At its heart, Watson for Oncology uses the cloud-based supercomputer to digest massive amounts of data - from doctor's notes to medical studies to clinical guidelines. But its treatment recommendations are not based on its own insights from these data. Instead, they are based exclusively on training by human overseers, who laboriously feed Watson information about how patients with specific characteristics should be treated.

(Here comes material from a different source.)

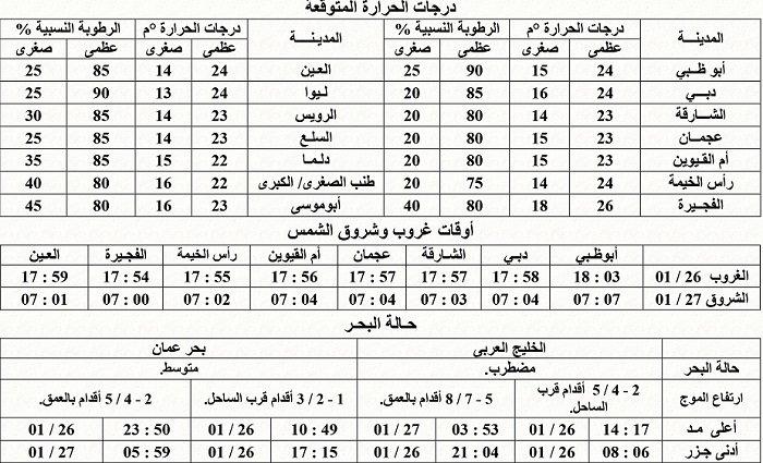 ويكون الطقس غائماً جزئيا في اليومين المقبلين حيث تزداد كميات السحب على بعض المناطق خاصة الساحلية والشرقية، والرياح معتدلة إلى نشطة السرعة وقوية أحياناً ، وتكون مثيرة للغبار والأتربة قد تؤدي إلى تدني مدى الرؤية الأفقية أحياناً على المناطق الداخلية، مع أنخفاض أخر في درجات الحرارة، والبحر مضطرب إلى شديد الاضطراب في الخليج العربي ومتوسط إلى مضطرب في بحر عمان.

AI will no doubt play a supporting role in the future of health care, alongside smartphone physicals and precision medicine and many other promising innovations borrowed from other industries. But based on past experience, I'm not convinced that any of these innovations will be as revolutionary as advertised. In my own career, doctors have gone from using paper charts that were time-consuming to maintain and couldn't communicate with each other to electronic health records that are even more time-consuming to maintain and still can't communicate with each other. You get my point. Even if IBM or OpenAI eventually harnesses AI to improve primary care practice, here's what Roland and his colleagues have to say in Look It Up!:

Some might wonder whether this new automated world of information will create a medical world that is dominated by artificial intelligence, where doctors - if we even need them anymore - will just repeat what the machines say. On the contrary, as more information becomes readily available, doctors, nurses, pharmacists, and allied health professionals will become more important as the interpreters of that information in accordance with the specific clinical and social history, values, and preferences of the patient and her or his family. 

Right. I couldn't have said it better myself.

* - American Family Physician, Annals of Family Medicine, Annals of Internal Medicine, Health Affairs, JAMA, JAMA Internal Medicine, Journal of the American Board of Family Medicine, Journal of Family Practice, New England Journal of Medicine


A previous version of this post appeared on Common Sense Family Doctor on November 17, 2017.